# Boiling T-Jet Chassis



## glueside (Jul 31, 2010)

Anyone have any instructions on boiling them and getting it right?


----------



## resinmonger (Mar 5, 2008)

Scroll down to the 8th tool...

http://rt-ho.com/tools.html


----------



## glueside (Jul 31, 2010)

Yes I have one, but I was wondering if anyone had any instructions on how to boil the chassis. How long, etc.?


----------



## resinmonger (Mar 5, 2008)

Here is the latest thread I could find searching _Slot Cars_:

http://www.hobbytalk.com/bbs1/showthread.php?t=296990&highlight=Chassis+Boiling

Went back a few pages and didn't find anything further.


----------



## glueside (Jul 31, 2010)

Thank you for the link.

I will write an article once I start doing some testing of the fixture and post later.


----------



## gonegonzo (Jan 18, 2006)

Secure chassis in the jig . I assume you know that you need to have a jig ?

Set in a pan of water and turn between medium and high and bring water to boil gradually . Any shock such as dropping chassis in boiling water all at once will crystalize and create hard spots that can shatter in a de-slot/crash.

Boil for 20 minutes and turn off heat . Let the chassis and jig remain in the water until the water cools completely . This is very important . 
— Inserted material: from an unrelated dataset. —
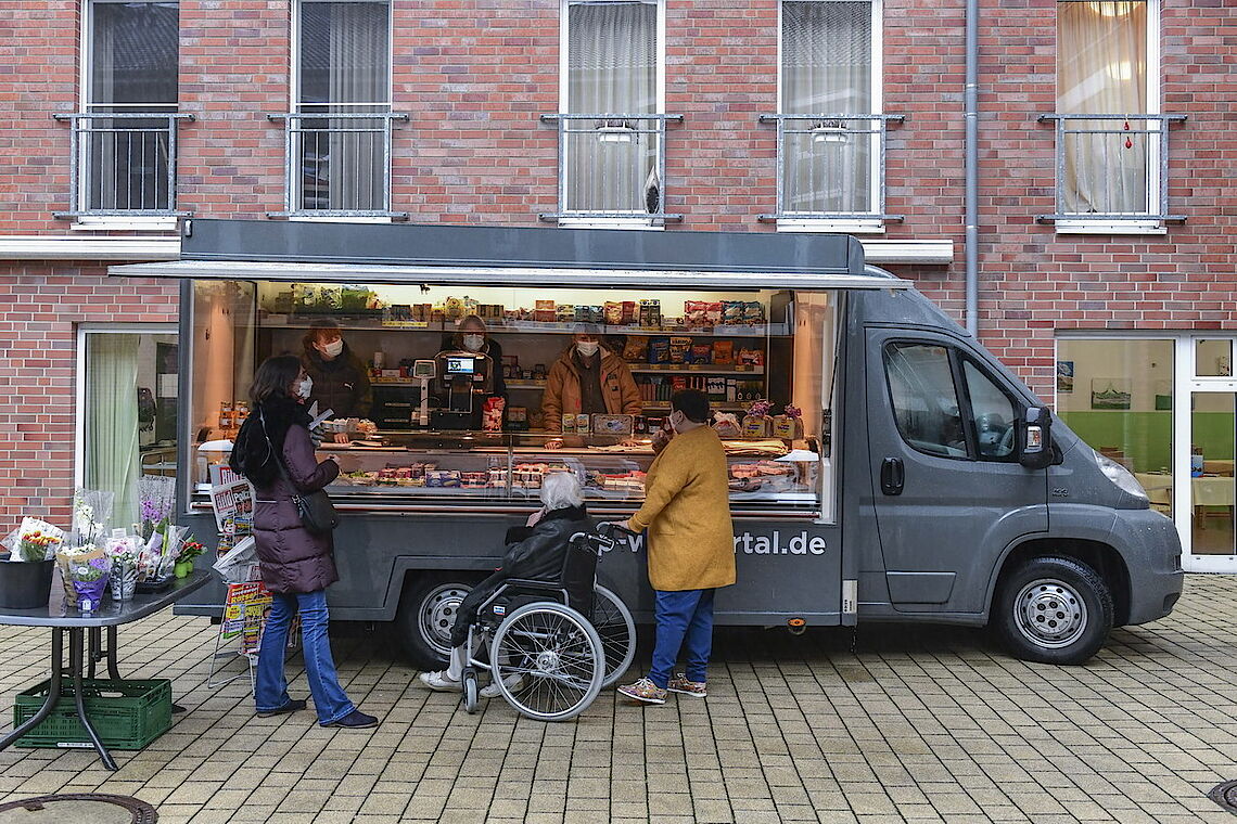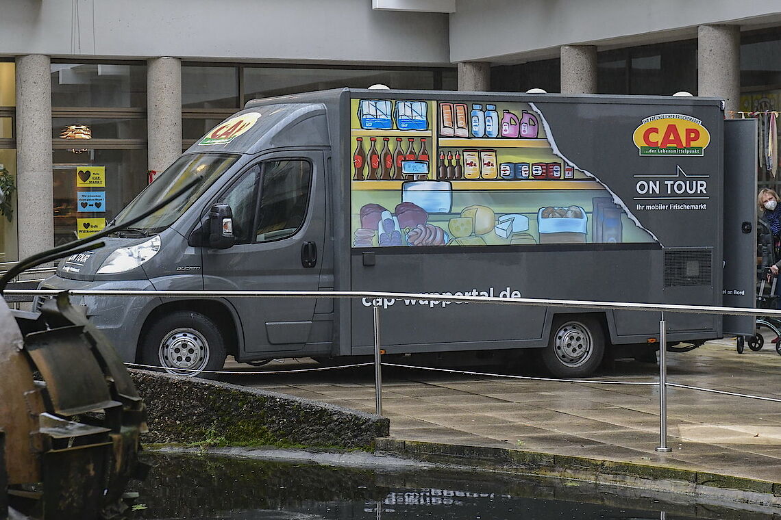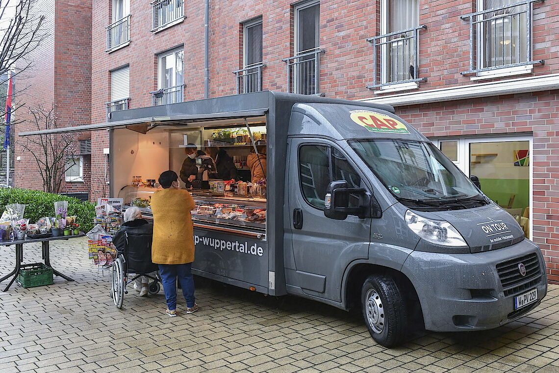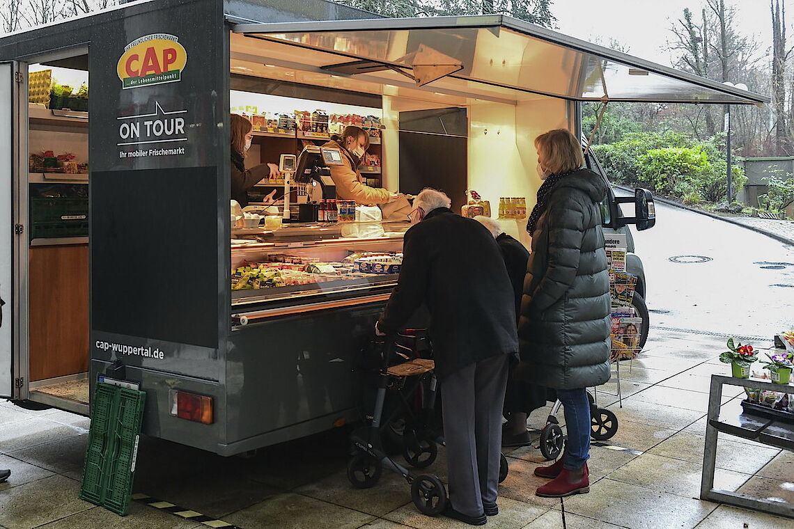 Ein Päckchen Brot, Marmelade, drei Clementinen und eine Tafel Schokolade – glücklich nimmt die Kundin den Beutel in Empfang, den ihr die CAP-Mitarbeiterin reicht. „So brauche ich nicht in die Stadt, das wäre mir zu umständlich“, sagt Lore Knapp. proviel und der CAP-Frischemarkt haben gemeinsam einen Verkaufswagen eingerichtet, der zukünftig dienstags und donnerstags erste Seniorenheime in Elberfeld und Vohwinkel anfährt. So können die Bewohner ohne große Wege direkt vor ihrem Haus alle Dinge des täglichen Bedarfs einkaufen. Ist einmal ein gewünschtes Produkt nicht vorrätig, können sie es für den nächsten Besuch bestellen.

After water cools , check your holes for size . Address any hole issues before re-building chassis .

Hope this helps,
Gonzo


----------



## bearsox (Apr 22, 2006)

I think there is also a tutorial somewhere in the slotmonsters /FRHO site http://www.slotmonsters.com/ . You may need to look around a bit to find it.

Bear :wave:


----------



## glueside (Jul 31, 2010)

Thank you both very much!


----------



## Bill Hall (Jan 6, 2007)

I also make sure that the chassis never touches the bottom of the boiling pot/pan.


----------



## sidejobjon (Jun 3, 2010)

Guys,
I purchased the rt-ho gear expantion tool . My bad thought it was for all Gears, to tighten when you change arm or pinion. What do you use to tighten rest gears when reinstalling ?
Thanks John F


----------



## clydeomite (May 5, 2004)

Howdy:
An old machinist trick to get parts through inspection is use a ball bearing and place it in the hole and smack it " gentlY" with a hammer. Make sure you have the gear lying flat on a hard surface like a vise or anvil you can do both sides this usually tightens up the hole to allow a press fit.
Clyde-0-Mite


----------



## Brixmix (Dec 2, 2007)

If you have the RT-HO gear press just put the gear in the arbor and use 3/16" or 1/4" ball bearing to pien the hole. The screw press lets you adjust the amount of pressure on the gear so you don't apply to much pressure and distort the gear


----------



## glueside (Jul 31, 2010)

Brixmix - can you post a picture of this?


----------



## sidejobjon (Jun 3, 2010)

Thanks,
Will try both . I read a while ago some were to sqeeze shaft with pilers with teeth, like rear axle has ribs to keep gear on.


----------



## SwamperGene (Dec 1, 2003)

clydeomite said:


> Howdy:
> An old machinist trick to get parts through inspection is use a ball bearing and place it in the hole and smack it " gentlY" with a hammer. Make sure you have the gear lying flat on a hard surface like a vise or anvil you can do both sides this usually tightens up the hole to allow a press fit.
> Clyde-0-Mite


 
A steel BB works well for tightening (brass) gears this way :thumbsup:


----------



## Brixmix (Dec 2, 2007)

Here is a pic of what I use to close the hole in the gear


----------



## glueside (Jul 31, 2010)

Thank you very much Brixmix. 

Hey I notice your location is IL. Where at?


----------



## Brixmix (Dec 2, 2007)

I live close to Champaign


----------



## Tjettom (Jan 1, 2008)

And I live close to Peoria.


----------



## glueside (Jul 31, 2010)

Do you guys race HO, 1/24th, 1/32nd?

You know there are a lot of HO & 1/24th tracks around here again and more springing up each month.


----------



## Brixmix (Dec 2, 2007)

I race HO


----------



## glueside (Jul 31, 2010)

Do you run with any of the groups/series over there?


----------



## Brixmix (Dec 2, 2007)

I race with Citro some Nart/Nitro some and ISRA in Indy a little. I race all over.


----------



## Brixmix (Dec 2, 2007)

What groups in Iowa do you run with Glueside?


----------



## glueside (Jul 31, 2010)

USSCA & MHRA

Ran back in the 90s and early 2000 with Midwest USRA. Box Stock champion one year. Got out for 5 years and am now starting to get back into it.


----------



## Brixmix (Dec 2, 2007)

Well good luck in your HO endeavor:thumbsup:. Hope you stay with it we need to keep the hobby alive. Seems the big cars draw a much bigger crowd


----------